ICT commercial contracting counsel.

SaaS, cloud, IoT and ICT-services businesses run on a constant flow of commercial contracts. The firm acts as outsourced commercial legal, reviewing and negotiating inbound and outbound master service agreements, data-processing agreements, non-disclosure agreements, statements of work and subscriptions on a volume-based retainer with a fair-use cap. Cyber and digital-resilience compliance is a separate service.

Who this is for

  • Swiss SaaS scale-ups handling a steady volume of customer and supplier contracts without in-house legal.
  • Mid-cap industrial companies digitalising: IoT, connected products and ICT-services agreements.
  • ICT and SaaS providers to financial institutions that face DORA ICT third-party terms in their contracts.

What's included

  • Master service agreements and SaaS subscriptions: review and negotiation of inbound and outbound terms covering scope, service levels, liability caps, indemnities and termination, drawing on the freedom of contract that the OR gives commercial parties over the content of their agreements (Art. 19).
  • Data-processing agreements: processor and controller terms aligned with the DSG processor provision (Art. 9) and, for EU-facing data flows, the processor terms required under GDPR (Art. 28).
  • Non-disclosure agreements and statements of work: mutual and one-way NDAs, plus SOWs that pin down deliverables, acceptance and change control against the parent master service agreement.
  • Customer and supplier paper: both the contracts a provider issues and the third-party terms it is asked to sign, including DORA ICT third-party clauses pushed down by financial-sector customers.
  • Playbooks and fallback positions: an agreed set of standard positions and fallbacks so routine negotiations move quickly and consistently across the contract base.
  • Volume retainer with a fair-use cap: a predictable monthly fee against an agreed contract throughput, with matters beyond the cap scoped separately.

How it works

  1. Intake. The firm reviews the client's existing contract base, recurring counterparties and the typical inbound and outbound paper.
  2. Calibration. The firm agrees standard positions, fallbacks and the fair-use cap, fixed in the engagement letter.
  3. Run. The firm reviews and negotiates contracts as they arise, working to the agreed playbook and turnaround.
  4. Escalation. The firm flags any matter beyond the cap or outside the playbook before work proceeds, so cost stays predictable.
  5. Review. The firm revisits the playbook and throughput periodically as the contract base and counterparties change.

Indicative pricing

Monthly subscription

from CHF 5,000 / month

A volume-based subscription with a fair-use cap; beyond-scope advisory at CHF 700 to 950 / hour.

Indicative starting prices, net and exclusive of Swiss MWST (VAT) where applicable; final fee per written engagement letter.
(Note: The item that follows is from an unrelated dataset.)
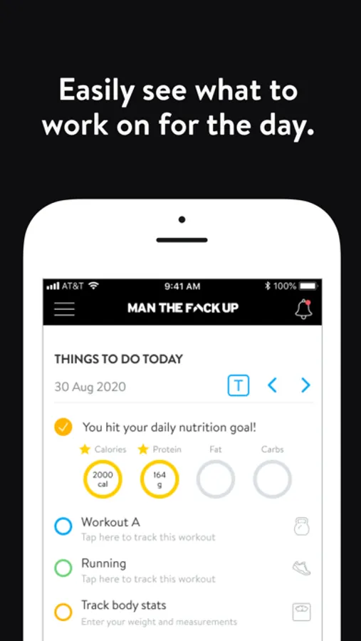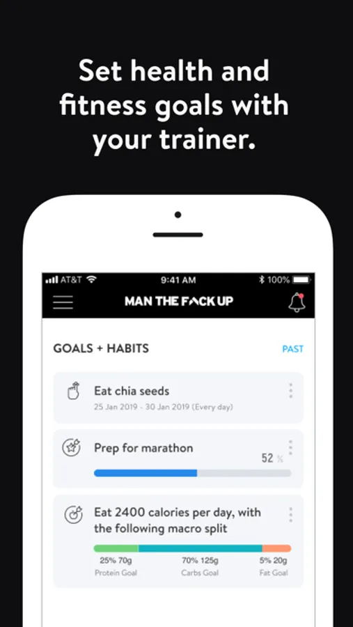The ManTheFUp App connects you and your coach in real time to ensure the best results possible on your transformation journey. All coach-client communications, check ins, workout changes, nutrition changes and progress photos will be hosted here in a clean easy to access format.

Frequently asked questions

What does a contracting retainer cover, and how does the fair-use cap work?
The retainer covers review and negotiation of the everyday commercial contracts an ICT business runs on: master service agreements, SaaS subscriptions, data-processing agreements, non-disclosure agreements and statements of work, both inbound and outbound. A volume-based fee is set against an agreed monthly throughput; the fair-use cap defines the contract volume and complexity included before additional matters are scoped separately. The cap is fixed in the engagement letter so the monthly cost is predictable, and the firm flags early when a high-volume month or an unusually complex negotiation falls outside it.
Does a data-processing agreement require both Swiss and EU terms?
Often, yes. Where a SaaS or cloud provider acts as a processor, Swiss law governs the engagement through the processor provision of the DSG (Art. 9), which permits processing to be assigned to a processor by contract under defined conditions and limits sub-processing to cases with prior controller approval. Where the same data flows touch EU-resident individuals, the data-processing agreement must also carry the processor terms required under GDPR (Art. 28). A workable DPA usually addresses both regimes in one instrument, and the firm drafts and negotiates the clause set accordingly.
Does this service include NIS2, DORA or Cyber Resilience Act compliance?
No. Those are handled under a separate service. Cyber and digital-resilience compliance (NIS2, DORA and the EU Cyber Resilience Act) is its own engagement, covering applicability scoping, governance and incident-reporting frameworks and product-cybersecurity obligations. The contracting retainer handles the commercial-contract layer: where a financial customer pushes DORA ICT third-party terms into a provider's master service agreement, the retainer reviews and negotiates those contractual terms, while the underlying resilience-compliance build sits with the Cyber & Digital Resilience service.
Which law governs these contracts, and is party choice respected?
Most engagements run on Swiss contract law under the OR, where a contract forms on the parties' mutual assent (Art. 1) and the parties may set the content of their agreement freely within the limits of the law (Art. 19), which gives commercial parties wide latitude over allocation of risk, liability caps, service levels and termination. Where a counterparty insists on a foreign governing law, the firm advises on the practical consequences and negotiates the terms accordingly; the choice-of-law analysis for any specific contract is confirmed at engagement.